These records contain pictures, which must be left out; copy exactly the lines from the one with "全屋通透三房,三面采光,明厨" up to and including the one with "Entstanden ist ein".

Items from a data source
--*--

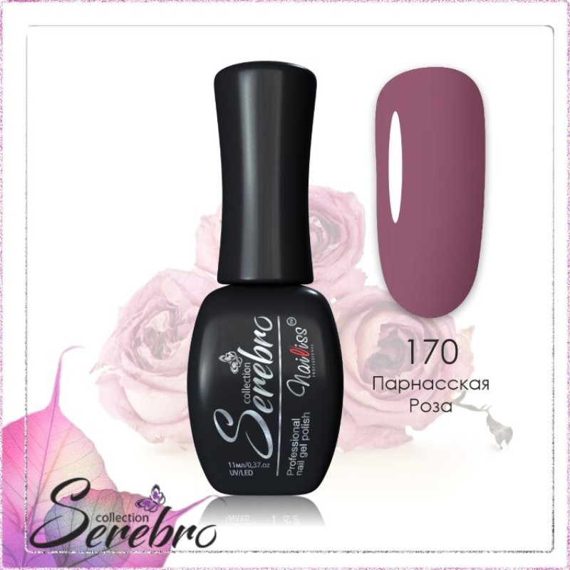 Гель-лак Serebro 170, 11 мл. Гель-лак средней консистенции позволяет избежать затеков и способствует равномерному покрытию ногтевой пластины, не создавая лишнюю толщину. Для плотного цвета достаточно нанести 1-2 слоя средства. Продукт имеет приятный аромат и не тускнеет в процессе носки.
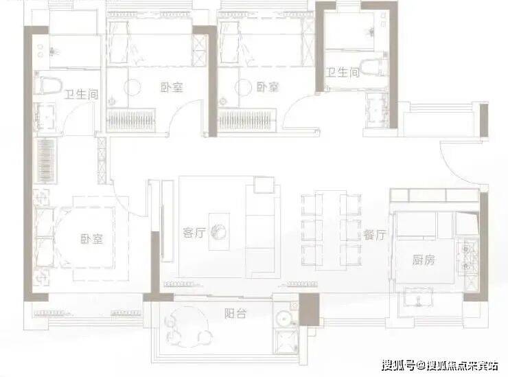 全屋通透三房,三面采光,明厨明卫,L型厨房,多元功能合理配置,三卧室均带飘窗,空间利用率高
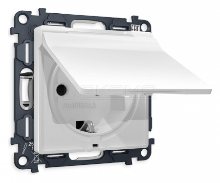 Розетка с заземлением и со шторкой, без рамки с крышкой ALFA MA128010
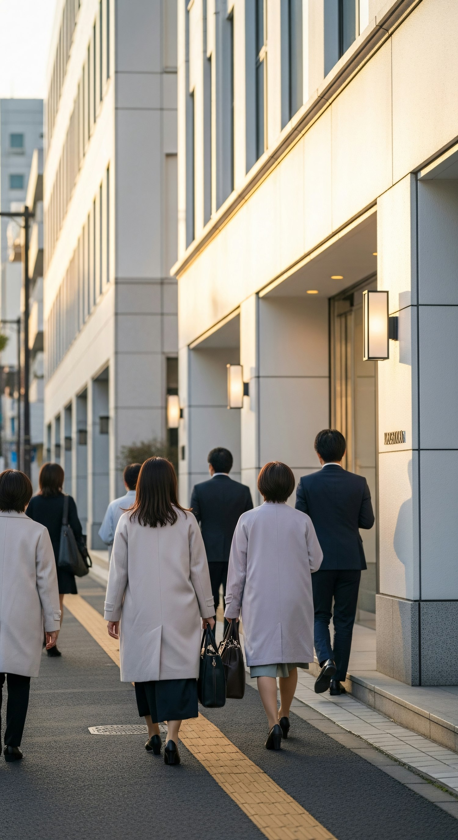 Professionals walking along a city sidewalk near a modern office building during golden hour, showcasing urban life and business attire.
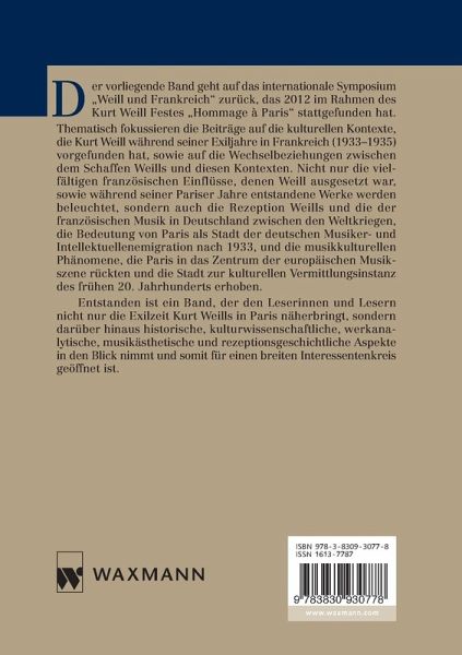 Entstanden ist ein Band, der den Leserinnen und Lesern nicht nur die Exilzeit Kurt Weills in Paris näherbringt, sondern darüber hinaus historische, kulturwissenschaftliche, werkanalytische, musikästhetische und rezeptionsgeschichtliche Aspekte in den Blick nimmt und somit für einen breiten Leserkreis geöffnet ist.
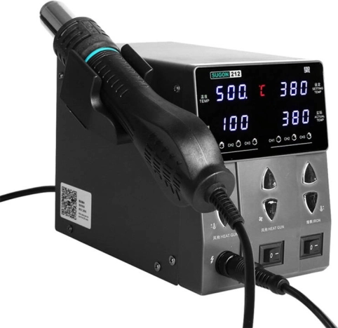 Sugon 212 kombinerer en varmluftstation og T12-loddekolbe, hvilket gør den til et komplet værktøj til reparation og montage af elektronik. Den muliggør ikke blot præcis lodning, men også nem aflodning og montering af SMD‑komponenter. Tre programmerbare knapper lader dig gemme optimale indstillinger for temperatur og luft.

--*--

» Solved exercise:
 全屋通透三房,三面采光,明厨明卫,L型厨房,多元功能合理配置,三卧室均带飘窗,空间利用率高
 Розетка с заземлением и со шторкой, без рамки с крышкой ALFA MA128010
 Professionals walking along a city sidewalk near a modern office building during golden hour, showcasing urban life and business attire.
 Entstanden ist ein Band, der den Leserinnen und Lesern nicht nur die Exilzeit Kurt Weills in Paris näherbringt, sondern darüber hinaus historische, kulturwissenschaftliche, werkanalytische, musikästhetische und rezeptionsgeschichtliche Aspekte in den Blick nimmt und somit für einen breiten Leserkreis geöffnet ist.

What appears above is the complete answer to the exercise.